An independent battery expert, who asked Quartz not to identify him due to press restrictions at his lab, called what Pelllion has done the “holy grail” of the lithium metal battery. Paul Albertus, a program director at ARPA-E, published a study earlier this year in which the increased energy density of the the lithium metal battery compared to a traditional lithium ion battery is shown graphically.
“Battery startups struggle to find customers for their early products,” Venkat Srinivasan, a lead battery researcher at Argonne National Laboratory, tells Quartz. “So it’s an achievement that Pellion is already shipping product.” Quartz reached out to 10 other startups working on lithium-metal batteries for comment and got replies from six. Sion Power, PolyPlus, Solid Energy Systems, and Ion Storage Systems said they are in the validation phase of their advanced battery products and have begun sending engineering prototypes to potential customers and third-party testers. QuantumScape and Blue Current declined to comment. QuantumScape is the reclusive battery company that Volkswagen made a $100 million investment in this past June.

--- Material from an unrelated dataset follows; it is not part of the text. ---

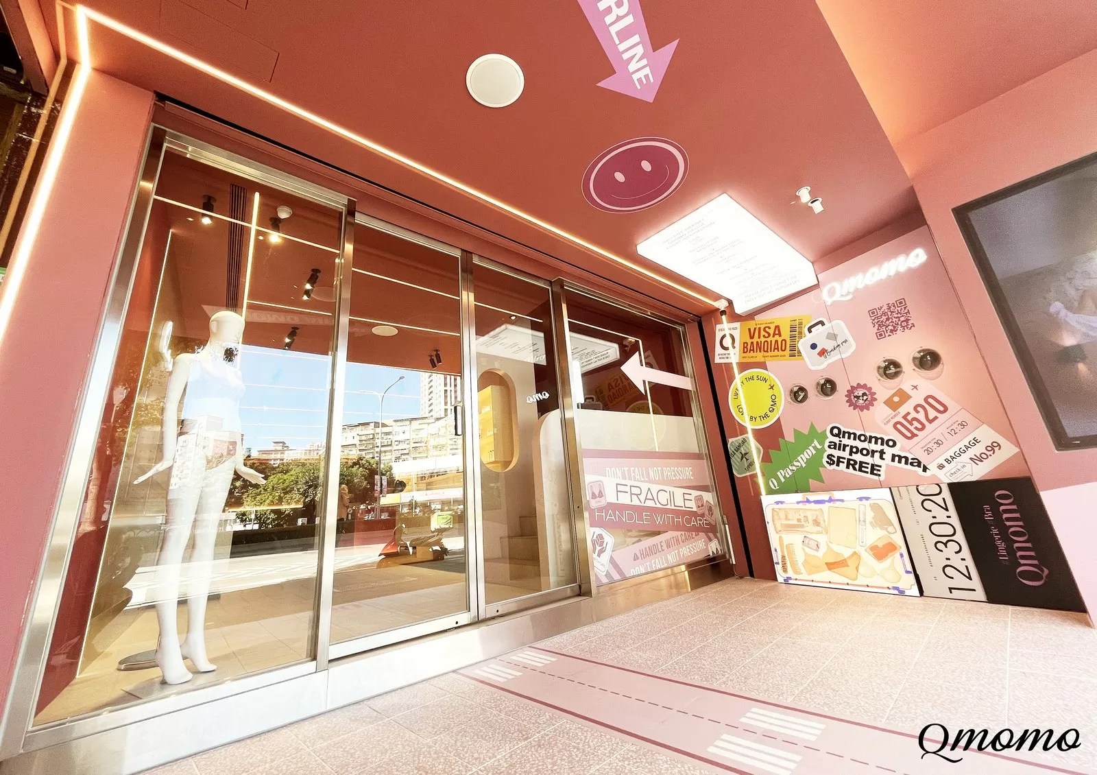 台灣電商第一女性內衣品牌Qmomo,於新北市板橋盛大開幕。以航空主題打造粉紅航空機艙主題門店,該旗艦店擁有三層樓購物分層空間,以寬敞舒適的購物動線,為女性消費者打造沉浸式的購物體驗,提供更多元化的商品及服務。皮粉色的空間色調,搭配象徵航站主題的金屬絲光檯面,讓人一秒感受出國購物的好心情。

It’s too early to start talking about lithium metal batteries for electric cars or energy storage. There are too many hurdles to clear first. But the promise of greatly increased energy density is too great to ignore. The battery cells Tesla uses have an energy density of 600 watt-hours per liter and 200 watt-hours per kilogram. The figures for the Pellion lithium metal battery are nearly double — 1,000 watt-hours per liter and 400 watt-hours per kilogram.
“Commercializing batteries is an extremely hard problem. Most startups end up in bullshit land,” Ceder says. “They are run by CEOs who are all about raising money and ratcheting up the stakes…before the crash. Pellion is different.” Dave Eaglesham is the difference, he believes, because Eaglesham has experience both as an engineer and as a businessman.

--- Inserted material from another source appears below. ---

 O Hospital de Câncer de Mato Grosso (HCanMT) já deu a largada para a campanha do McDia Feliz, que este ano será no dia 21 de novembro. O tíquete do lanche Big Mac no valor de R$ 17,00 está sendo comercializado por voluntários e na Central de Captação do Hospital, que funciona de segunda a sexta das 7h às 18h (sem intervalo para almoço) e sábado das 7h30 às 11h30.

In an e-mail to CleanTechnica, Akshat Rathi, the author of the Quartz story, says “[The] 100% increase in energy density is step change compared to the annual 10% or so improvement the battery industry currently averages. If Pellion overcomes early limitations, its batteries could power a Tesla car for 800 km (500 miles) on a single charge, rather than today’s upper limits of 400 km.” So far, the only independent academic who has seen Pellion’s technology in action declined a request for comment. Eaglesham says the company’s customers have validated its technology, but he declined to put Quartz in touch with them, citing confidentiality agreements.
How long before such batteries find their way into production vehicles? Would 5 years be too much to hope for? Basic research doesn’t care much about deadlines. The breakthroughs come when they come, although throwing money at a problem always helps move things along.
Dave Eaglesham says Pellion has received “tens of millions of dollars” from investors looking to get in on the ground floor of the next storage battery breakthrough. QuantumScape has $100 million from VW. Sion Power, PolyPlus, Solid Energy Systems, and Ion Storage Systems all have financial backers. Someday, we are going to wake up to find the lithium metal battery is a reality and the electric car and energy storage revolutions will take another giant step forward.